Land grabs are happening in many developing countries, from Guatemala and Indonesia to Liberia and Sudan. The investors can be banks, government, food exporters, tourism providers, and speculators.

As well as poorer rural communities as a whole, this problem affects women in particular. This causes further problems down the line, as research shows that women are more likely than men to spend the money they have on education, health care, and food for their children. Therefore, ensuring women have a steady income, and access to land and natural resources, in turn helps the next generation to break the poverty cycle.

Isn’t foreign investment part of development?

In the right way, foreign investment is an important part of fighting poverty.
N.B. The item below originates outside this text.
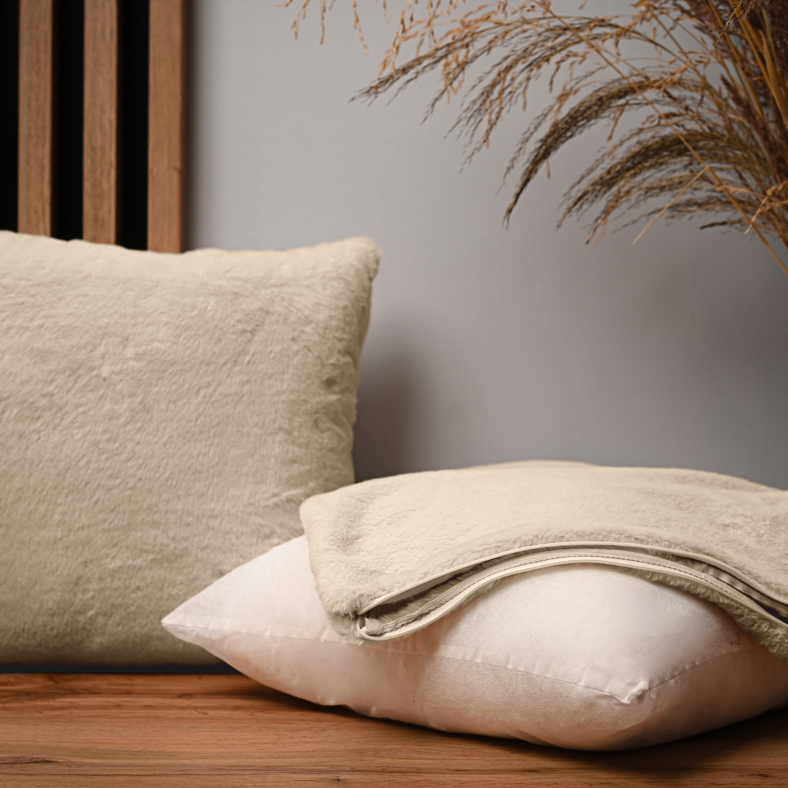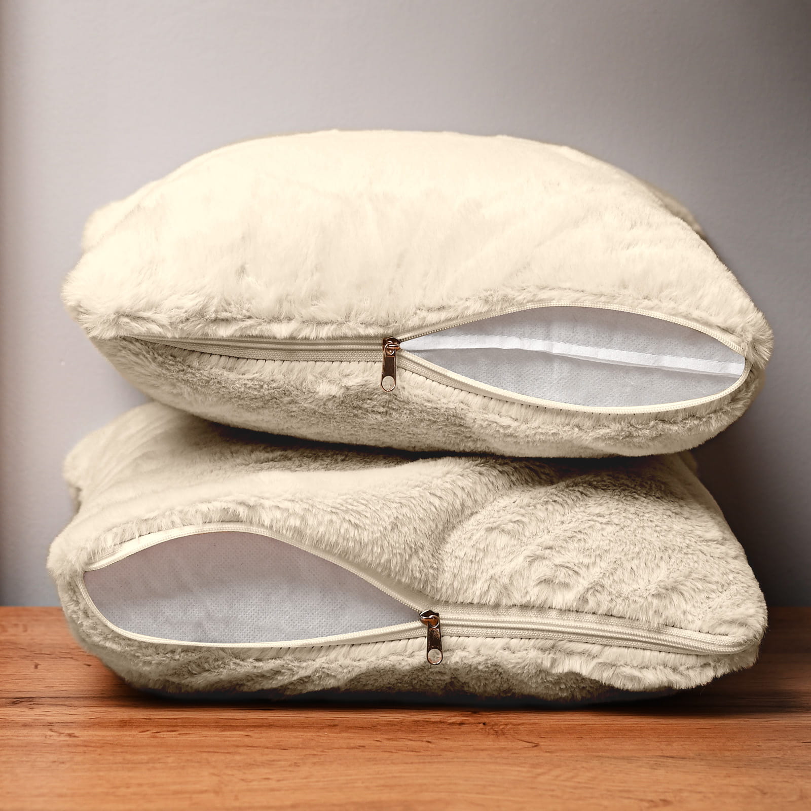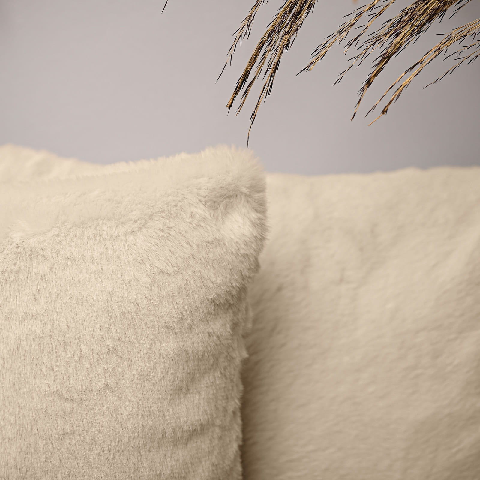 Dekoracyjna poszewka na poduszkę 35x35 cm w kolorze kremowym z imitacji futra

However, the way that land deals are being carried out, and the speed at which they are taking place, leaves poor people at risk of the injustice of land grabbing.

Big land deals are happening so quickly and on such a large scale that poor people are more vulnerable to the injustice of land grabbing than ever before.

Why is there such a high demand for land?

High food prices and a demand for new fuels have both played a part. And a rising population makes land seem like a pretty safe bet for savvy investors.

But if investors use the land to grow food, won't it work out OK in the end?

Most investors intend to export the food they grow back to rich countries. Others will use it to meet huge biofuel targets for the developed world. They're making the hunger problem much worse.

What is Oxfam doing about it?

Oxfam launched the GROW campaign to tackle the injustice of 900 million people going to bed hungry every night. The campaign now works in more than 50 countries around the world and at the international level.

Last year, an Oxfam investigation found that, in countries like Brazil and Cambodia, companies supplying sugar to Coke, Pepsi and other food and beverage giants had been linked to land grabs and conflicts affecting poor communities.

We demanded action from these companies to make sure their sugar doesn’t lead to land grabs—and we’ve had some great successes so far. Coca-Cola has committed to take steps to stop land grabs from happening in its supply chain after more than 225,000 people signed petitions and took action as part of Oxfam’s campaign to urge food and beverage companies to respect community land rights. 

The company committed its bottlers to do the same. Coca-Cola also said it will do sweeping social and environmental assessments across its supply chains beginning with Colombia, Guatemala and Brazil, then moving on to India, South Africa and other countries, and that it will publicly reveal its biggest sugarcane suppliers. 

PepsiCo and Associated British Foods (ABF), the two other targets of Oxfam’s campaign, have yet to address the issues highlighted by Oxfam’s report, Nothing Sweet About It.

What can I do about it?

Getting to grips with land grabs is possible. But for it to happen, effective global action is necessary.

You can act as a conscious consumer, and think about the products you buy, and the companies you support. The way you shop can be your way of telling companies what you think of their actions. You can check out Oxfam’s campaign Behind the Brands to see more about where your favourite foods come from, and at what cost to those in developing countries—and ask Coco-Cola, Pepsi, and Associated British Foods to help stop the land grabs.

Comments (1) Add New Comment
Countries like Saudi Arabia & Egypt have been leasing land in Sub Sahara Africa in blocks of One Half Million acres & up to One & a Half Million Acres just to plant crops (Rice) just for the purpose of exporting the food back to their own countries.

All local farmers are pushed off of the land, new roads are built just to transport the crops to new Ports that have been build just to aid in exporting the very food the Locals need.

Foreign workers are brought in to supervise and manage these ultra large fields.

The leases can be for up to 99 years and all the lease money goes to the very, very few at the highest level of the Local Government and Local Military.

Oh Yah - They also send a lot of weapons to the Local Military to help them keep the local population in check.

This is nothing but Colonialism on a grand scale - One thing that locals in most Third World Countries never have - Is a Legal Land Title to Land they and their Ancestors have lived on for Generations.